As you look across the economic landscape, you will find dumpster fires as far as the eye can see. The commercial high rise real estate industry is running around with its hair on fire. More and more people foresee that working from home will become the norm even after the pandemic goes away. The car industry is also seeing that, since governments are in debt more than ever, infrastructure won’t be changing anytime soon to supplement charging stations around the country. Lots of places in the markets are seeing success but it’s so limited that it’s virtually the same everywhere you look. Out of all of this chaos and pain, there is an odd couple that is standing strong. So what’s the deal with BTC and gold?
Gold against USD
Ever since the Nixon Shock, gold has been in a war against the dollar. The USD has become a currency of struggle and safety, all at the same time. For the FED, QE has led to a massive accumulation of debt and that has meant the US Dollar has weakened a lot. Even though this has occurred, it’s still the dominant currency for those looking to safe haven their investments, especially for those buying stock.
Gold has been used as a hedge against the dollar for many decades and now since the pandemic began, it has gained a huge foothold. Now is the time to buy gold coins online as many websites are offering great services and prices for unique minted coins. No matter what has been done, whether it’s QE4, stock market rallies, low-interest rates, economic stimulus, and even news of a vaccine in the pipeline, gold remains strong. It is hovering around $1,900 per troy ounce and to put this into perspective, it was $1,300 just a few months ago!
BTC does it again
BTC has really bitten back against the doubters, and bitten back hard! At its release peak and first-year performance, it reached as high as $16,000. However, this was short-lived and thus, the pundits on economic news channels began to say that Bitcoin was just a fad. They said that it would have boom and bust cycles until one day, it just went bust. Well, right now, it’s sitting pretty at $17,700. That is simply staggering, for something that people like Peter Schiff are railing against all the time.

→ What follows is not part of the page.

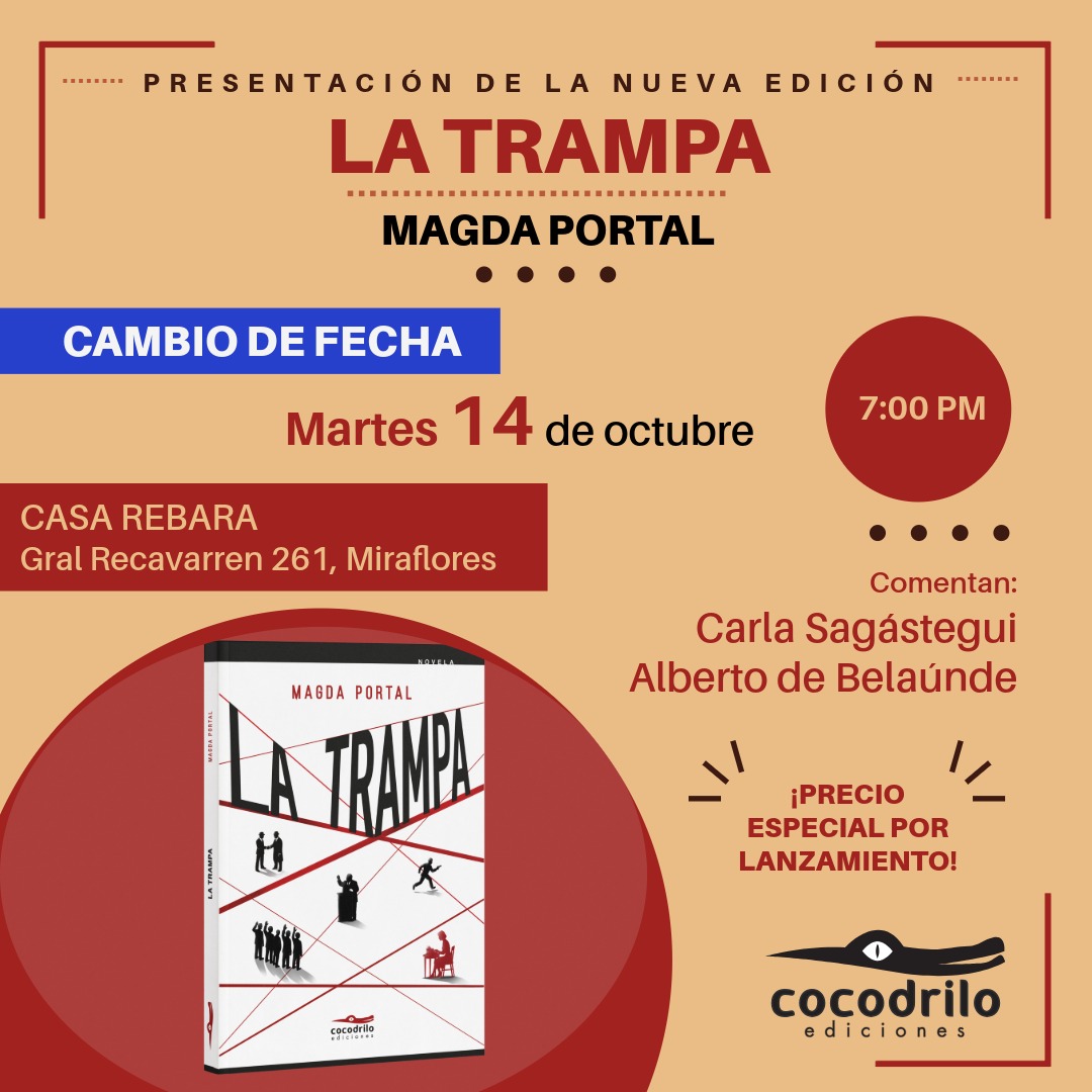 Novela "La trampa" de Magda Portal se presentará en la Casa Rebara esta misma noche a las 7:00 p.m.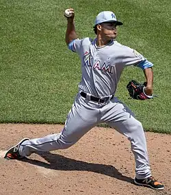 On July 28, 2017, he was traded by the Mets along with Ricardo Cespedes for A. J. Ramos.[2] Miami assigned him to the Jupiter Hammerheads and he finished the season there. In 22 games (20 starts) between Columbia, St. Lucie, and Jupiter, he was 13–3 with a 1.66 ERA, 0.97 WHIP, and a .212 batting average against.[3] On November 20, 2017, the Marlins added him to their 40-man roster to protect him from the Rule 5 draft.[4] He began 2018 with the Jacksonville Jumbo Shrimp.

But why? Bitcoin is also being used as a hedge against the dollar. The dollar is simply in its twilight years, with the endless printing and debt accumulation finally taking hold. It’s like a slow car crash and the world’s markets have finally accepted it. That’s why people are leaving the dollar for BTC, gold, and things like real estate.
It’s quite clear that both gold and BTC will remain at the center of the foreseeable future in economic terms. They will be safe havens for wealth, not investment necessarily. Whatever you own, if you want to retain as much value as you can, you need to buy as much gold and BTC you can.
Gold has the promise of rising higher, but BTC seems to be waiting for the next round of horrible economic news to break past $18,000. If the pandemic goes into March, it’s not unreasonable to suggest it could break twenty grand!